To expedite the training process and improve performance, you can start with a pre-trained Mask R-CNN model on a large-scale dataset such as COCO (Common Objects in Context). Transfer the weights of the pre-trained model to your custom model, excluding the classification head. You can download the pretrained coco weights from here. If you have trained your model once, you can use the trained weight next time to train the model again.

You can evaluate the performance of your trained model using appropriate metrics such as mean average precision (mAP). Use a separate validation set or perform cross-validation to assess the model’s accuracy and fine-tune hyperparameters if necessary.

Once you are satisfied with the model’s performance, you can use it for inference on new, unseen images that are in the testing dataset. The model will detect objects, generate bounding boxes, and generate masks for the objects of interest.

If your model doesn’t achieve satisfactory results, you can fine-tune it by adjusting the hyperparameters or collecting more training data to improve its performance.

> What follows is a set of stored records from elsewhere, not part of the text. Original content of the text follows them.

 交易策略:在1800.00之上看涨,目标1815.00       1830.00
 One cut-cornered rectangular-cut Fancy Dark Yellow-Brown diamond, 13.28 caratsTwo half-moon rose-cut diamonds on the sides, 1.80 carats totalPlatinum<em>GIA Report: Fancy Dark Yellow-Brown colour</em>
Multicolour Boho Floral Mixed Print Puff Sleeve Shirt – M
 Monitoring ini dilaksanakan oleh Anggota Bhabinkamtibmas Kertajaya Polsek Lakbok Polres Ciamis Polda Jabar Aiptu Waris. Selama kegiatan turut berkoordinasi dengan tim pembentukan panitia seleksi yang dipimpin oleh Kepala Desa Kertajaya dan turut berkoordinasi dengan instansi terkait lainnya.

My model just had one class, and it could generate masks, provide prediction percentages, detect all the objects with the same color, save the results in a new folder, and run multiple images at the same time.

It’s worth noting that implementing Mask R-CNN from scratch can be a complex task, especially if you are new to deep learning. Utilizing existing implementations and libraries can significantly simplify the process and save time.

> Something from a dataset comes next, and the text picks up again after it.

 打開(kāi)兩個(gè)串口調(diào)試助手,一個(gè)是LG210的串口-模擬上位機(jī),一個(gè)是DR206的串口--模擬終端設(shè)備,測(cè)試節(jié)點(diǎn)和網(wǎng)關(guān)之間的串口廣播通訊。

Overall, Mask R-CNN generates binary masks for each detected object and achieves an exceptional level of granularity in understanding and segmenting objects in images. With its ability to handle multiple instances of the same object class and its versatility in detecting various object categories, Mask R-CNN emerges as an astonishing tool for instance segmentation. Its wide range of applications, including autonomous driving, medical imaging, and interactive image editing, coupled with its pre-trained models and open-source implementations, make it a truly extraordinary and powerful model in the field of computer vision.